### Description of the task
Emit a verbatim copy of the lines below from the line with "New Candy Corn" through the line with "[Windowsスタートアッ", excluding pictures and everything outside that range.

### Task inputs
▬▬▬
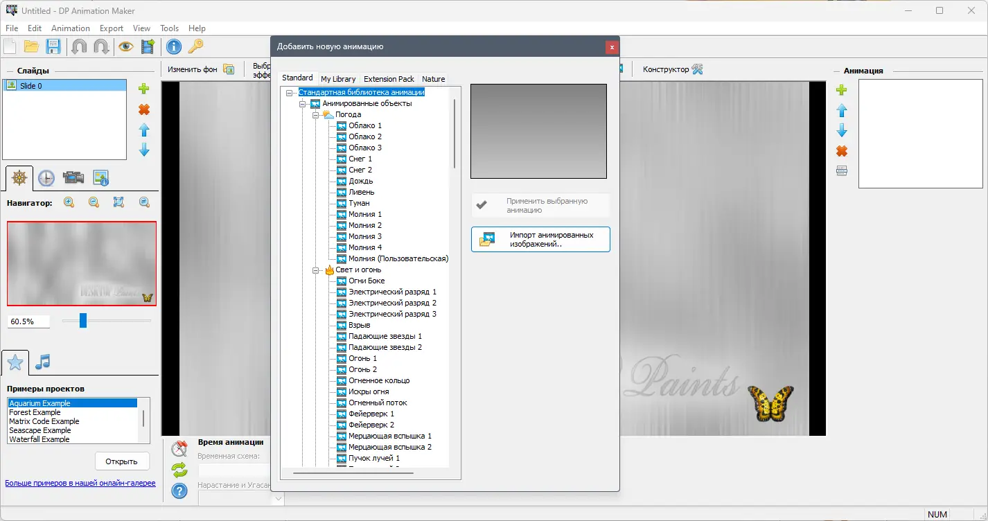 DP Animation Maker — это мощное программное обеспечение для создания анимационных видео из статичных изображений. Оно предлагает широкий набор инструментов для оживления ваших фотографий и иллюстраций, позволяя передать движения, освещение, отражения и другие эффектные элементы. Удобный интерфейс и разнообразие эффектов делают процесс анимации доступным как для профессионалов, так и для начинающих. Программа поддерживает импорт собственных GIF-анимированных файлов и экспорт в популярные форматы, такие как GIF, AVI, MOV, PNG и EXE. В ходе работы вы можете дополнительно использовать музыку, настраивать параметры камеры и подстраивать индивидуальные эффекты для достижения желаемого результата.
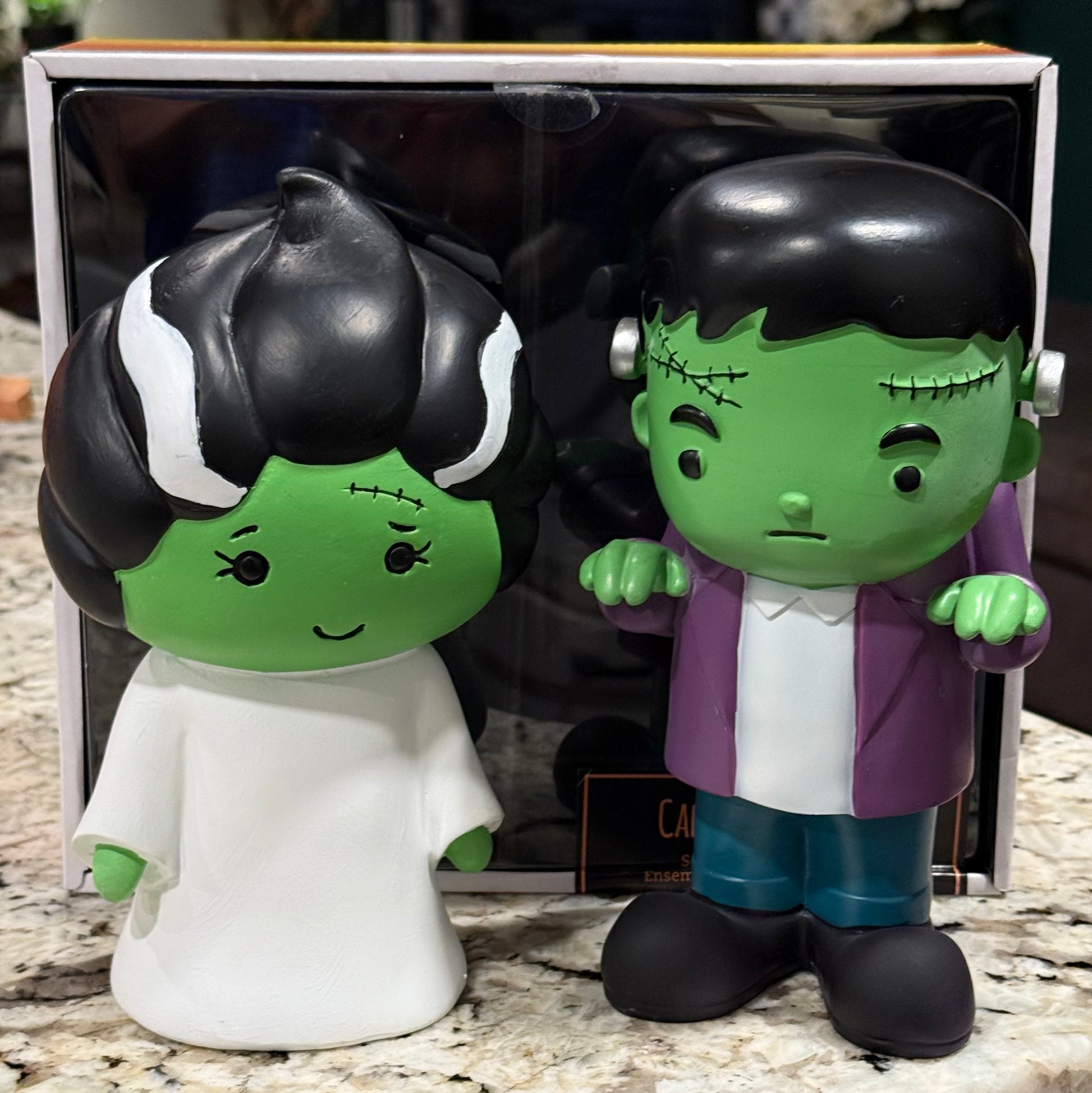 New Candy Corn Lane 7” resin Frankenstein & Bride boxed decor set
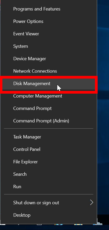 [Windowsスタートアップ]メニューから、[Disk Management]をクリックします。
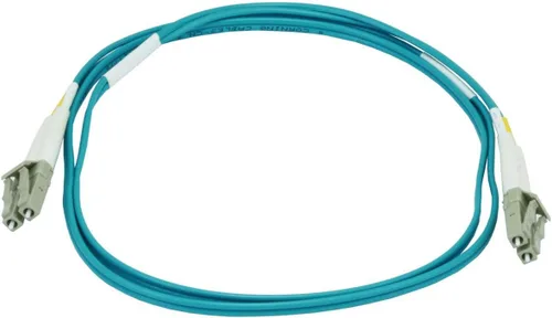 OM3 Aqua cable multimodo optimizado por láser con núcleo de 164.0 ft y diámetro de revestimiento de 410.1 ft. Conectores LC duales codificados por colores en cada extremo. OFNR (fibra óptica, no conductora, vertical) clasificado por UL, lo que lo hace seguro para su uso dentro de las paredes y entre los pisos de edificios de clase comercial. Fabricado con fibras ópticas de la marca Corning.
▬▬▬
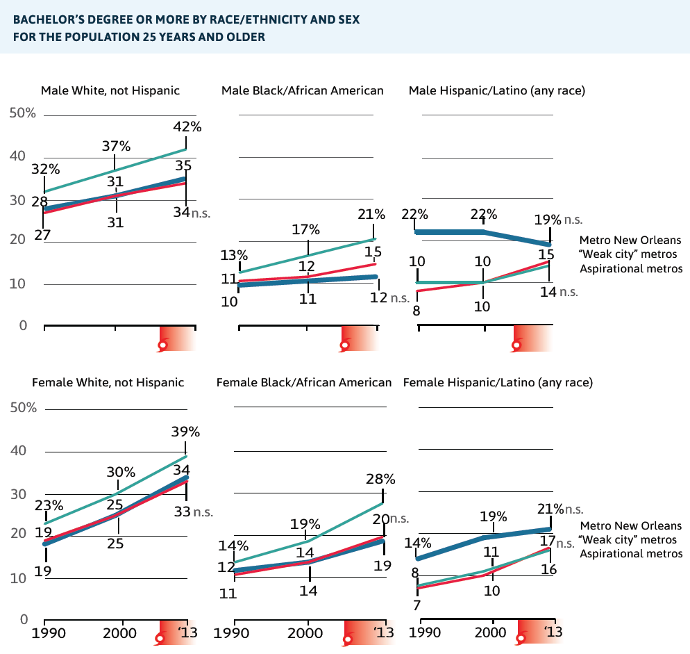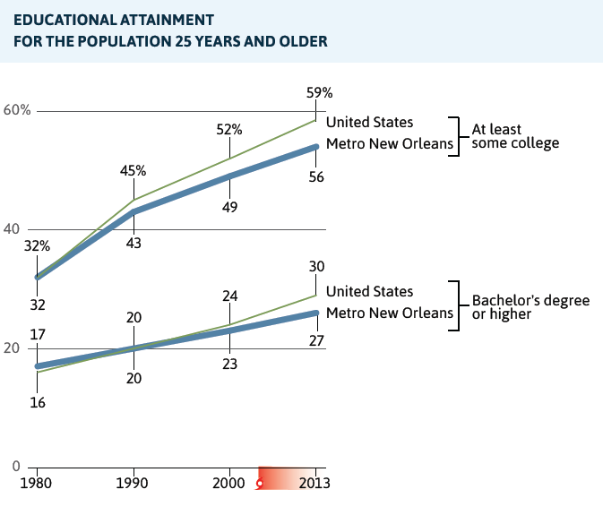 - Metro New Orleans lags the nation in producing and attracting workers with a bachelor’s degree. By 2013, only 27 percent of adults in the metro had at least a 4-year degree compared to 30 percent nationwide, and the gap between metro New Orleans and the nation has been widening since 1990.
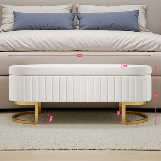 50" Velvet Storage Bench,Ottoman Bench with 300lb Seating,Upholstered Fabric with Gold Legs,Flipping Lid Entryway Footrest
▬▬▬
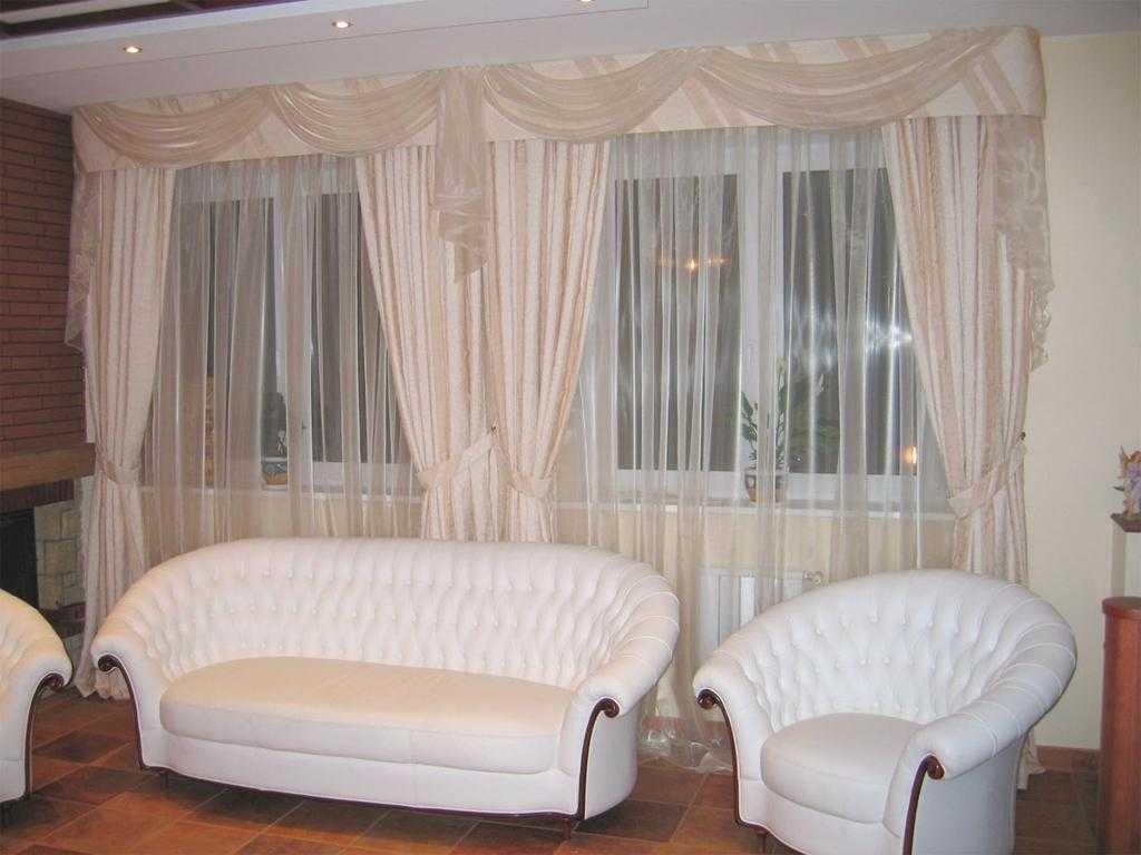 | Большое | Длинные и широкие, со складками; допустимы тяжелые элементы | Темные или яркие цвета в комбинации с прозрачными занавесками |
▬▬▬
### Result of this exercise
 New Candy Corn Lane 7” resin Frankenstein & Bride boxed decor set
 [Windowsスタートアップ]メニューから、[Disk Management]をクリックします。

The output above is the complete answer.